BIOARTIFICIEL. Des chercheurs créent un muscle auto-régénérant
Des chercheurs ont recréé un muscle à partir de cellules souches. Robuste et capable de se régénérer, son implantation sur la souris a été un succès.
C’est une belle expérience qu’a réalisée une équipe de chercheurs en ingénierie biomédicale de la Duke University (États-Unis). Ce groupe de scientifiques a réussi à créer un muscle squelettique in vitro et à l’implanter chez des souris. Leurs travaux ont été publié le 25 mars dans la revue PNAS (Proceedings of the National Academy of Sciences).
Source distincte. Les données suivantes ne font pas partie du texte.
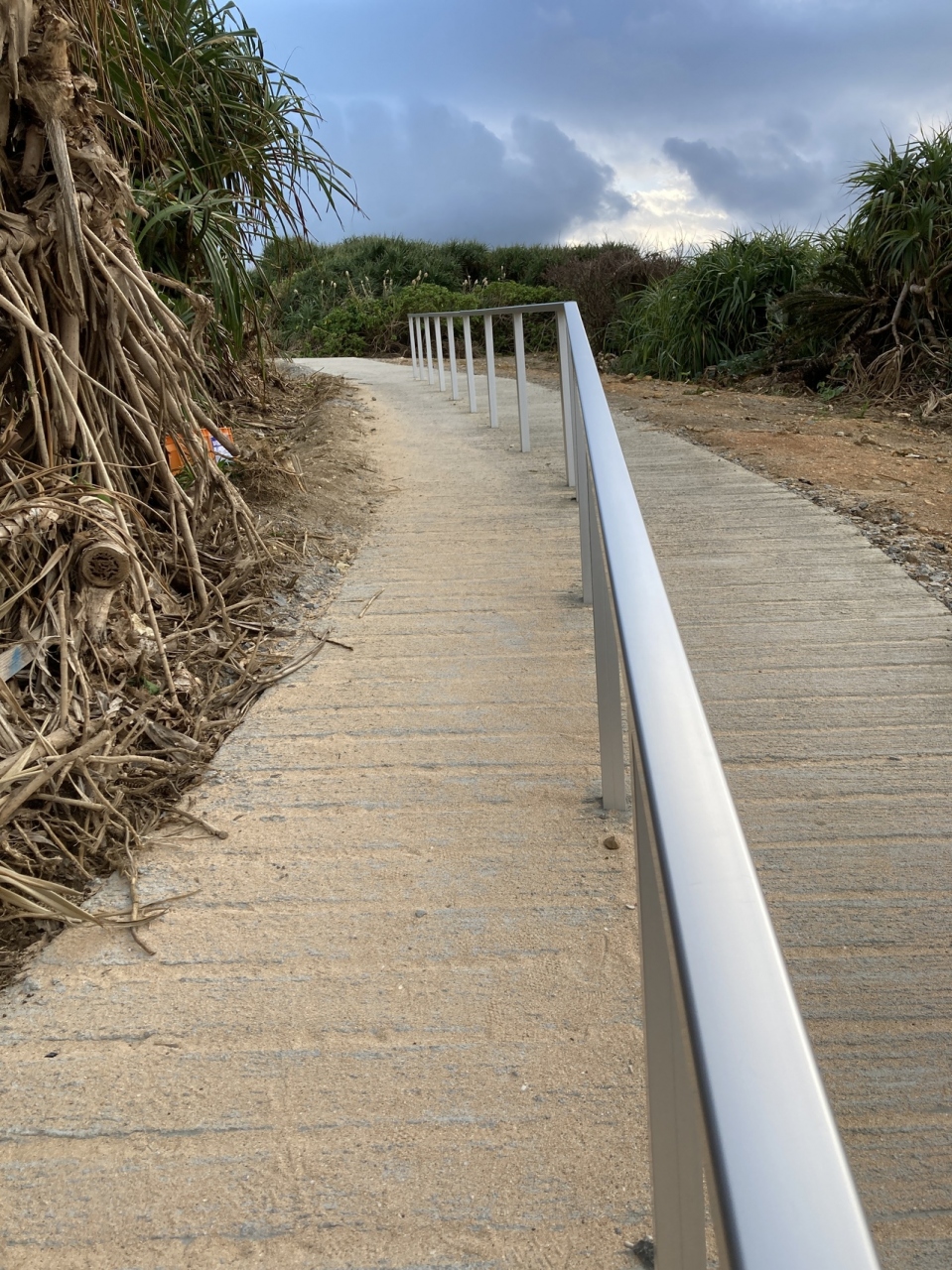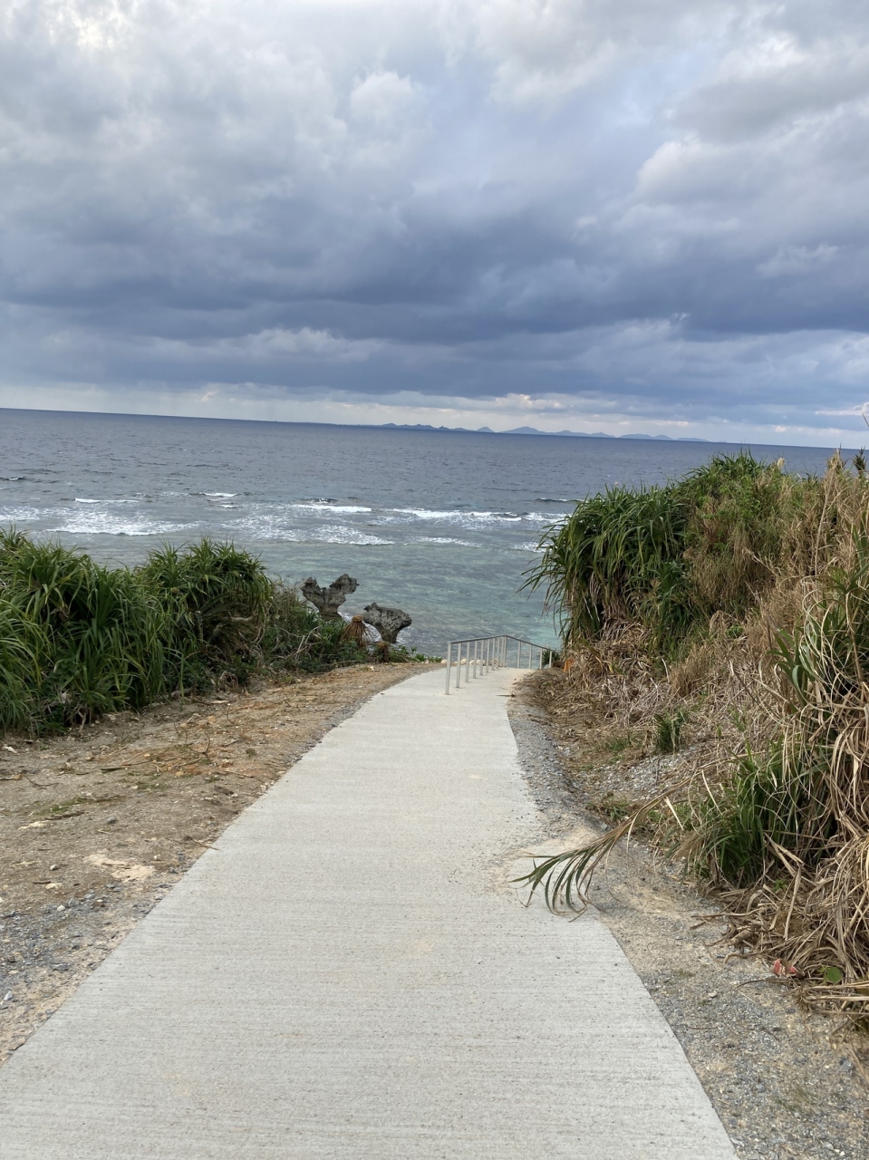 で、こんなオフシーズンでさえかなりの観光客が訪れていました。道は途中から舗装されて観光客が歩きやすいように改善されています。以前の道も残っていましたが、こんな道危険で無理、と言った感じ。さらに砂浜へは階段も設置されています。

Les muscles squelettiques ont pour fonction d'assurer la motricité du corps, en permettant de faire bouger le squelette de manière volontaire. Parmi les plus connus du corps humain on peut citer les biceps, les triceps ou les abdominaux.
Pour créer ce tissu musculaire, les chercheurs ont mélangé des cellules souches de souris à un hydrogel, une substance plasmatique similaire à un gel et composée de biopolymère. Cette mixture a ensuite grandi pendant deux semaines jusqu’à ce que les cellules se soient multipliées et différenciées en de solides fibres musculaires.
"Le muscle que nous avons créé représente une avancée importante dans le domaine de l’ingénierie biomédicale. C’est le premier à pouvoir se contracter aussi fort qu’un muscle squelettique néonatal" - Nenad Bursac, co-auteur de l'étude.
Avant d’implanter ce muscle sur des souris, ils ont en effet mesuré sa puissance contractile en le stimulant par pulsation électrique (voir la vidéo ci-dessous).
Ces muscles "de laboratoire" en plus de se contracter de façon rapide et puissante ont démontré leur capacité à se régénérer. Pour parvenir à ce résultat, les chercheurs devaient parvenir à intégrer à leur préparation des cellules satellites.
Ces cellules souches ont la spécificité de rester inactives jusqu’à ce qu’une lésion musculaire survienne. Elle se mettent alors en action, prolifèrent et se différencient en cellules musculaires afin de réparer les dommages causés au tissu musculaire. Certaines cellules restent indifférenciées afin de reconstituer le stock de cellules satellites qui se remettent alors en "hibernation"... jusqu’à la prochaine lésion.
Le muscle a été exposé à du venin de serpent, il s'en est remis
La clé du succès pour ces chercheurs était de parvenir à intégrer ces cellules satellites dans le tissu musculaire. "Le muscle que nous avons créé fourni aux cellules satellites des niches dans lesquelles elles peuvent être stockées et, lorsqu’il y a besoin, relâchées pour régénérer le muscle" explique Nenad Bursac, professeur associé à la Duke University.
Pour tester cette capacité de régénération, les chercheurs ont endommagé le muscle avec une toxine extraite du venin d'un serpent pour s’assurer que les cellules satellites étaient capables de s’activer.
De gauche à droite les différents stades traversés par les fibres musculaires : avant l'exposition à la toxine, 6 heures, 5 jours et 10 jours après. (crédit : Duke University)
Une fois que cette capacité à se régénérer a été démontrée, les chercheurs ont donc implanté le muscle chez la souris.
Et, c'est l'autre originalité de cette étude, ils ont pu observer l’adaptation et les réactions de ce muscle en temps réel et directement sur les rongeurs greffés. Grâce à un dispositif laissant apparaître le muscle en transparence, les scientifiques ont pu observer le nouveau tissu musculaire pendant que la souris marchait.
Observer la revascularisation des tissus
Ils ont pu constater en direct la réussite de cette greffe en observant le réseau sanguin des rongeurs recoloniser le muscle bioartificiel pour alimenter celui-ci en sang frais et lui permettre de gagner en force. La vidéo ci-dessous montre ce processus de revascularisation des tissus.
Le seul inconvénient de cette expérience c'est que ce muscle n’avait pas la capacité de répondre aux ordres du cerveau, les chercheurs n'ayant pas connecté le muscle au système neuronal de l’animal. Un détail ennuyeux pour un muscle dont l'utilité première est la motricité du squelette.
Quoiqu'il en soit les chercheurs ont d'ores et déjà commencé à travailler sur de possibles applications thérapeutiques afin de savoir s'il serait possible de s'en servir pour soigner des lésions musculaires.
"Pourra-t-il un jour vasculariser, innerver et réparer d'éventuelles lésions musculaires chez l'homme ? se demande Nenad Bursac. C'est la question à laquelle nous allons tenter de répondre dans les prochaines années."